▶ _Work instructions_: Copy every entry exactly as given, minus the images.

________________

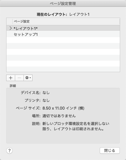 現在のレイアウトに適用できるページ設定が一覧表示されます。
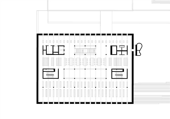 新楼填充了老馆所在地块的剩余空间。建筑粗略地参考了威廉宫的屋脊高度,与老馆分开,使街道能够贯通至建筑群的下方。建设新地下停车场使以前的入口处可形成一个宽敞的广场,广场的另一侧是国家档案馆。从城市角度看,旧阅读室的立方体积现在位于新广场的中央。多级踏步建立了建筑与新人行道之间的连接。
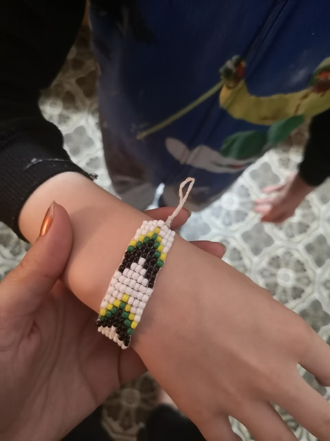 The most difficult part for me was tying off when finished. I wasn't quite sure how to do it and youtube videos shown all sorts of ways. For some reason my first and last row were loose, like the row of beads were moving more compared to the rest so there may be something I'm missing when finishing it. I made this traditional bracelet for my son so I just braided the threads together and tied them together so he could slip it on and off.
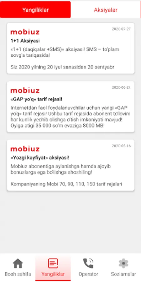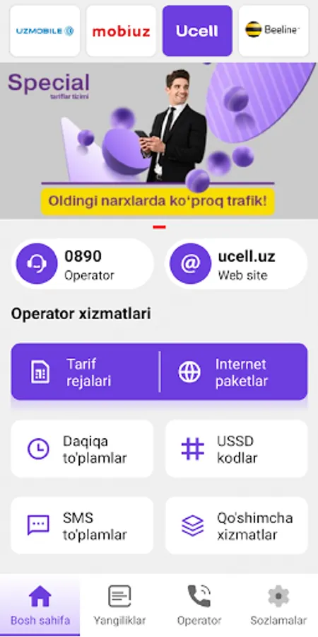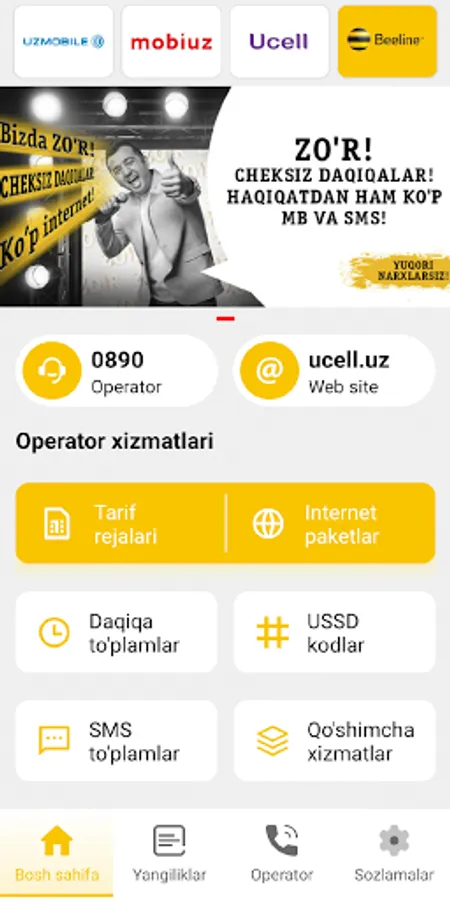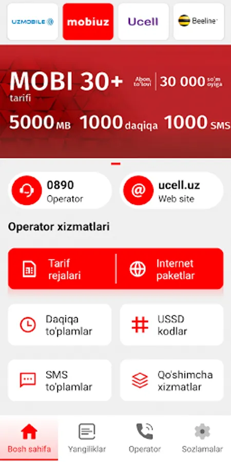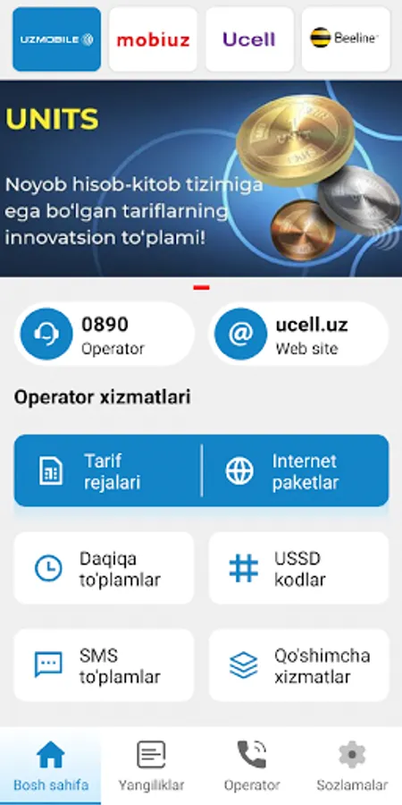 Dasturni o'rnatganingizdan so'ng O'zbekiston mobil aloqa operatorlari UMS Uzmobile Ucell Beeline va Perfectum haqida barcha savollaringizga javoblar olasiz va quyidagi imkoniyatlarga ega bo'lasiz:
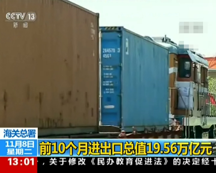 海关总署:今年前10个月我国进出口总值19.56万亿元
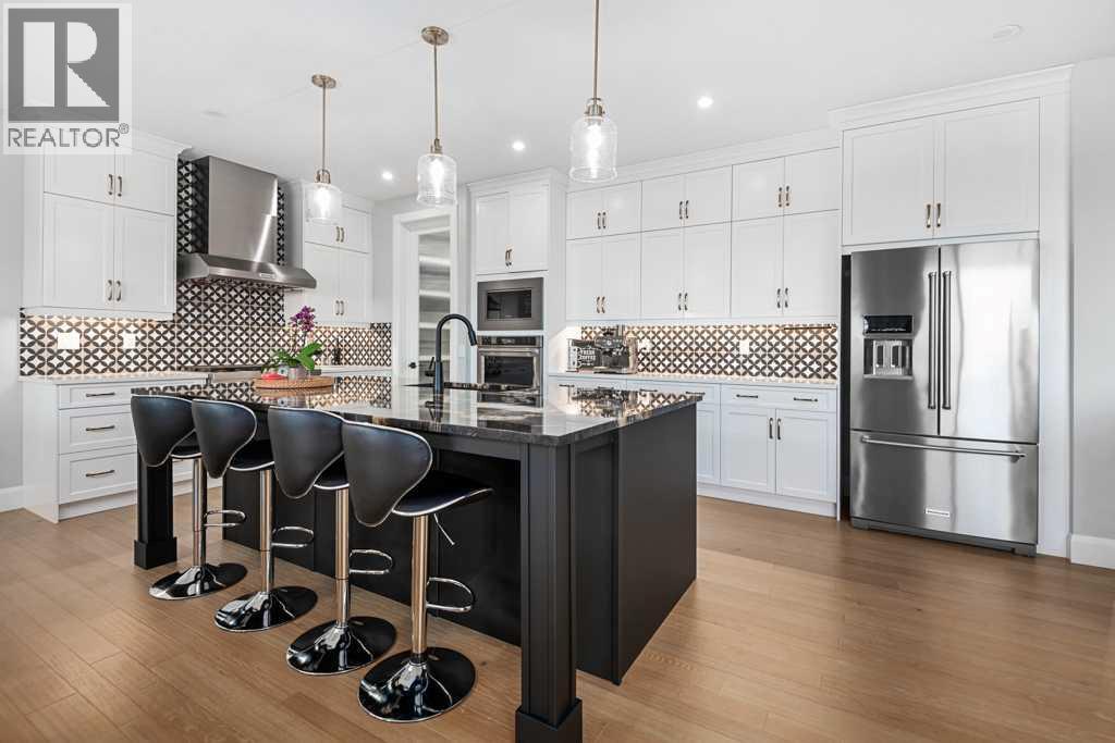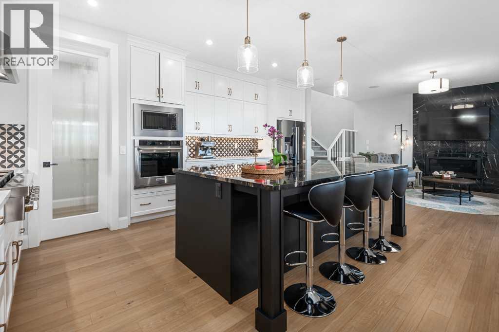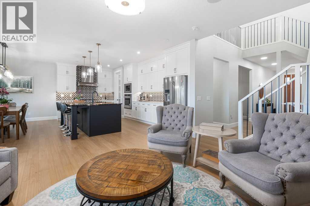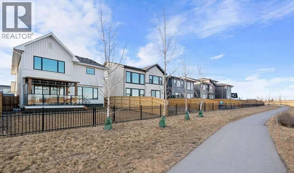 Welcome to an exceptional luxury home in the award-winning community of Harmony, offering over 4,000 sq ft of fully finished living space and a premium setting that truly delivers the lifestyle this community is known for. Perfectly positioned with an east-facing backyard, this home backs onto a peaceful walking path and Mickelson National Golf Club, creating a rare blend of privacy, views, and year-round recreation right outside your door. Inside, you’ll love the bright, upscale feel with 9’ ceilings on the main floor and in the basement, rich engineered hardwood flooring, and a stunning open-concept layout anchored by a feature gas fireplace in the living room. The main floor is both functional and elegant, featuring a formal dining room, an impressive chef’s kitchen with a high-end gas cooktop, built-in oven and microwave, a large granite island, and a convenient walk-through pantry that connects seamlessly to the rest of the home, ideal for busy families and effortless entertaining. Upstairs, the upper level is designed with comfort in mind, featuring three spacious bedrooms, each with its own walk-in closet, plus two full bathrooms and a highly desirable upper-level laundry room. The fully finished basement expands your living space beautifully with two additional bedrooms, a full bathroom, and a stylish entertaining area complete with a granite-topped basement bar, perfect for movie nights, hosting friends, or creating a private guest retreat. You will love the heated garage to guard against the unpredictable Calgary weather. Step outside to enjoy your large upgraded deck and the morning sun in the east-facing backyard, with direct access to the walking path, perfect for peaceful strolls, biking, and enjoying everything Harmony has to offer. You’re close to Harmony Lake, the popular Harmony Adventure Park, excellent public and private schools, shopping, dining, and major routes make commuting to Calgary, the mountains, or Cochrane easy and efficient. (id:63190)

________________

▶ _Result of the task_:
 現在のレイアウトに適用できるページ設定が一覧表示されます。
 新楼填充了老馆所在地块的剩余空间。建筑粗略地参考了威廉宫的屋脊高度,与老馆分开,使街道能够贯通至建筑群的下方。建设新地下停车场使以前的入口处可形成一个宽敞的广场,广场的另一侧是国家档案馆。从城市角度看,旧阅读室的立方体积现在位于新广场的中央。多级踏步建立了建筑与新人行道之间的连接。
 The most difficult part for me was tying off when finished. I wasn't quite sure how to do it and youtube videos shown all sorts of ways. For some reason my first and last row were loose, like the row of beads were moving more compared to the rest so there may be something I'm missing when finishing it. I made this traditional bracelet for my son so I just braided the threads together and tied them together so he could slip it on and off.
 Dasturni o'rnatganingizdan so'ng O'zbekiston mobil aloqa operatorlari UMS Uzmobile Ucell Beeline va Perfectum haqida barcha savollaringizga javoblar olasiz va quyidagi imkoniyatlarga ega bo'lasiz:
 海关总署:今年前10个月我国进出口总值19.56万亿元
 Welcome to an exceptional luxury home in the award-winning community of Harmony, offering over 4,000 sq ft of fully finished living space and a premium setting that truly delivers the lifestyle this community is known for. Perfectly positioned with an east-facing backyard, this home backs onto a peaceful walking path and Mickelson National Golf Club, creating a rare blend of privacy, views, and year-round recreation right outside your door. Inside, you’ll love the bright, upscale feel with 9’ ceilings on the main floor and in the basement, rich engineered hardwood flooring, and a stunning open-concept layout anchored by a feature gas fireplace in the living room. The main floor is both functional and elegant, featuring a formal dining room, an impressive chef’s kitchen with a high-end gas cooktop, built-in oven and microwave, a large granite island, and a convenient walk-through pantry that connects seamlessly to the rest of the home, ideal for busy families and effortless entertaining. Upstairs, the upper level is designed with comfort in mind, featuring three spacious bedrooms, each with its own walk-in closet, plus two full bathrooms and a highly desirable upper-level laundry room. The fully finished basement expands your living space beautifully with two additional bedrooms, a full bathroom, and a stylish entertaining area complete with a granite-topped basement bar, perfect for movie nights, hosting friends, or creating a private guest retreat. You will love the heated garage to guard against the unpredictable Calgary weather. Step outside to enjoy your large upgraded deck and the morning sun in the east-facing backyard, with direct access to the walking path, perfect for peaceful strolls, biking, and enjoying everything Harmony has to offer. You’re close to Harmony Lake, the popular Harmony Adventure Park, excellent public and private schools, shopping, dining, and major routes make commuting to Calgary, the mountains, or Cochrane easy and efficient. (id:63190)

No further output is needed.